▸ **Problem details**: Everything from the line containing "Afyonkarahisar'da kontrolden çıkarak" to the end of the listing, both included, should be returned exactly, apart from the pictures.

▸ **Given data**:

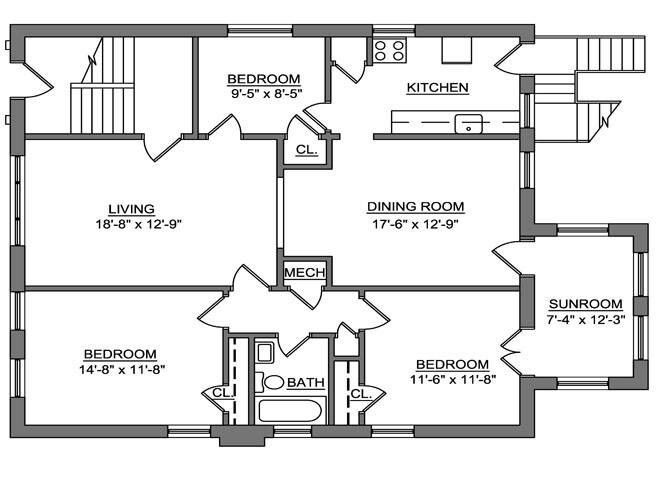 3 Beds, 1 bath - Floorplan 1
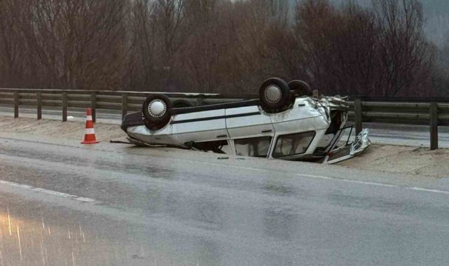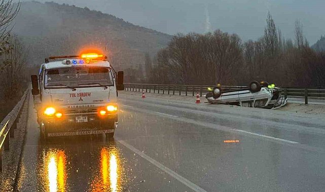 Afyonkarahisar'da kontrolden çıkarak yol ortasındaki refüje devrilen otomobil sürücüsü yaralandı.
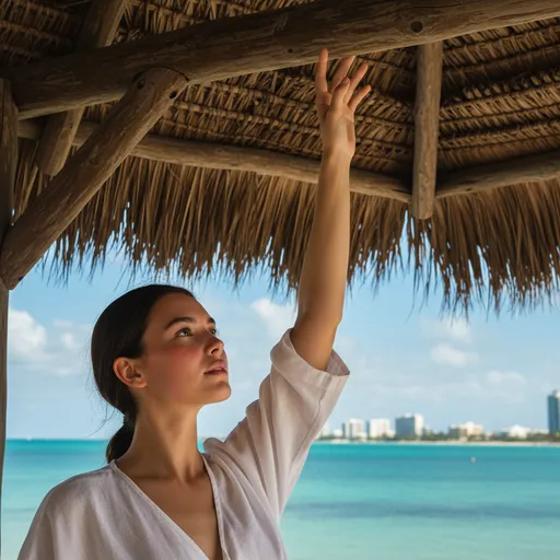 raising one arm upward to touch the wooden roof structure, body angled slightly to the side; tropical beach hut or seaside wooden cabana, blue ocean water, bright sky with scattered clouds, distant city skyline and coastal buildings, wooden beams and thatched roofing above, sunny, warm, re...; fresh, tropical, radiant, sunny, warm, relaxed coastal vibe, tropical vacation portrait, sun-kissed skin, soft natural blush, vibrant coastal colors,; natural outdoor portrait, close-up, slightly low angle, bright natural sunlight with warm highlights on skin, fresh, tropical, radiant, sharp subject,; close-up, slightly low angle; bright natural sunlight with warm highlights on skin

▸ **Answer box**:
 Afyonkarahisar'da kontrolden çıkarak yol ortasındaki refüje devrilen otomobil sürücüsü yaralandı.
 raising one arm upward to touch the wooden roof structure, body angled slightly to the side; tropical beach hut or seaside wooden cabana, blue ocean water, bright sky with scattered clouds, distant city skyline and coastal buildings, wooden beams and thatched roofing above, sunny, warm, re...; fresh, tropical, radiant, sunny, warm, relaxed coastal vibe, tropical vacation portrait, sun-kissed skin, soft natural blush, vibrant coastal colors,; natural outdoor portrait, close-up, slightly low angle, bright natural sunlight with warm highlights on skin, fresh, tropical, radiant, sharp subject,; close-up, slightly low angle; bright natural sunlight with warm highlights on skin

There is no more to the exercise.